__Data extracts__.
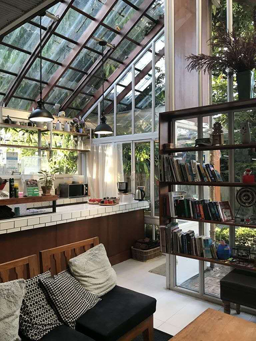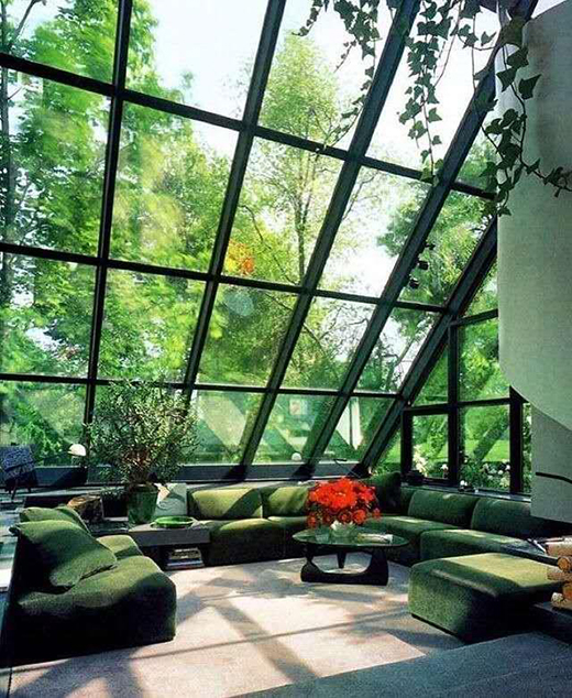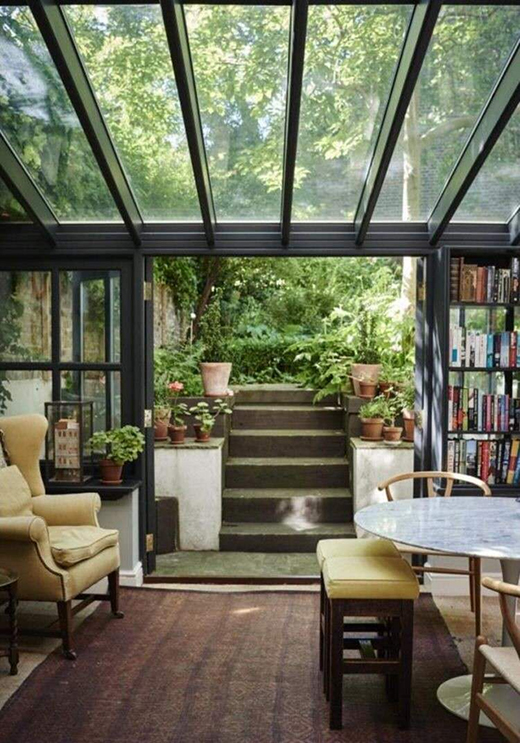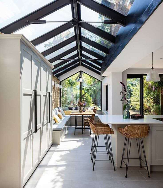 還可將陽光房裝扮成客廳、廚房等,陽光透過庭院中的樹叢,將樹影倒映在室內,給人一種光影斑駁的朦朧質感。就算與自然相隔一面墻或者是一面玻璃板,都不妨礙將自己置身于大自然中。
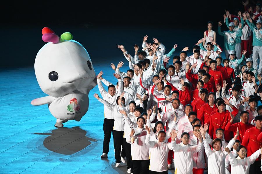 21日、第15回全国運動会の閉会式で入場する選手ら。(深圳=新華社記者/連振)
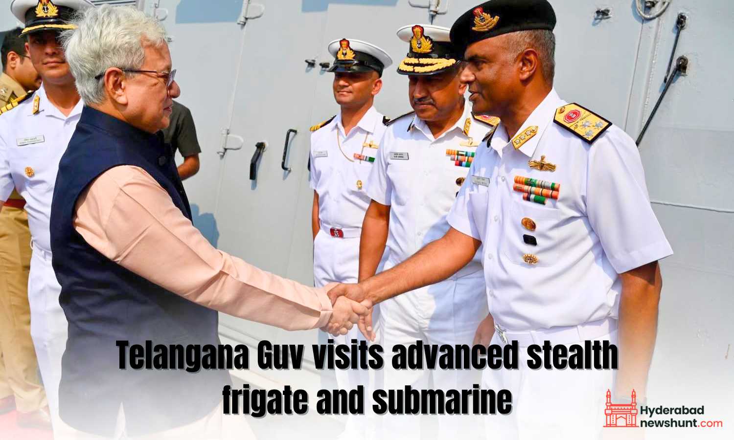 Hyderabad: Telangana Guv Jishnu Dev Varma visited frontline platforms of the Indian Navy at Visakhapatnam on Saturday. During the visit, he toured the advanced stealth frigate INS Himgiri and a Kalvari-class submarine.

---

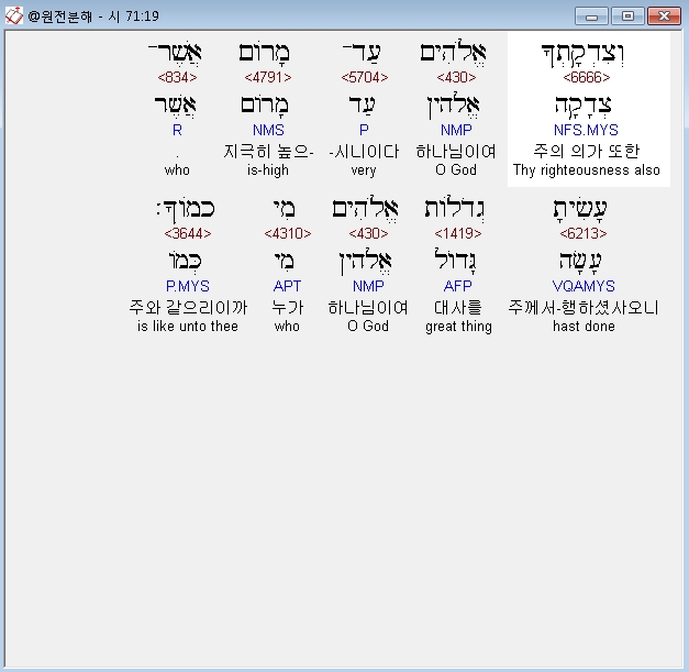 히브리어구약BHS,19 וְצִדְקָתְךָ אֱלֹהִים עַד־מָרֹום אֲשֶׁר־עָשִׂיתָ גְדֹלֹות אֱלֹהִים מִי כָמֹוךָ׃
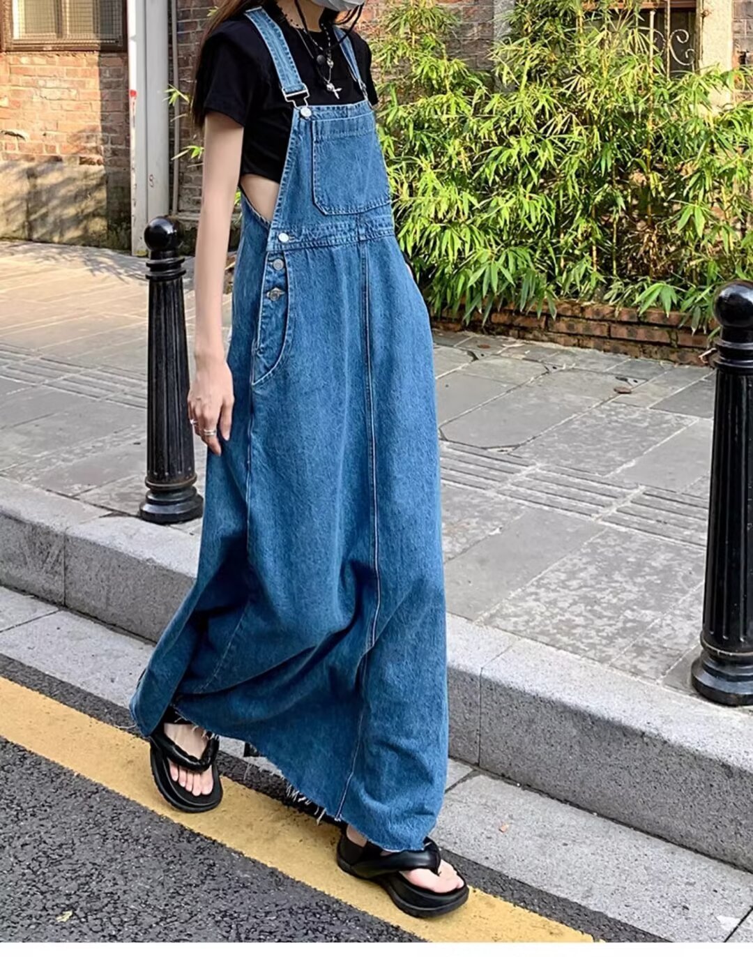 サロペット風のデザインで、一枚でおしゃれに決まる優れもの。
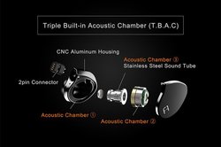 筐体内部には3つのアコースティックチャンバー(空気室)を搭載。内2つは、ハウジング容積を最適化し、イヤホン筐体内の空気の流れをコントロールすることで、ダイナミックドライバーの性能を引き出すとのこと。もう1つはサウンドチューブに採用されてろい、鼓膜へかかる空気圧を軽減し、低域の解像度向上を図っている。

__Task objective__. The answer must be the lines above from the one containing "히브리어구약BHS,19 וְצִדְקָתְךָ אֱלֹהִים" through the one containing "筐体内部には3つのアコーステ", reproduced exactly, with no pictures and nothing else.

__Task response__.
 히브리어구약BHS,19 וְצִדְקָתְךָ אֱלֹהִים עַד־מָרֹום אֲשֶׁר־עָשִׂיתָ גְדֹלֹות אֱלֹהִים מִי כָמֹוךָ׃
 サロペット風のデザインで、一枚でおしゃれに決まる優れもの。
 筐体内部には3つのアコースティックチャンバー(空気室)を搭載。内2つは、ハウジング容積を最適化し、イヤホン筐体内の空気の流れをコントロールすることで、ダイナミックドライバーの性能を引き出すとのこと。もう1つはサウンドチューブに採用されてろい、鼓膜へかかる空気圧を軽減し、低域の解像度向上を図っている。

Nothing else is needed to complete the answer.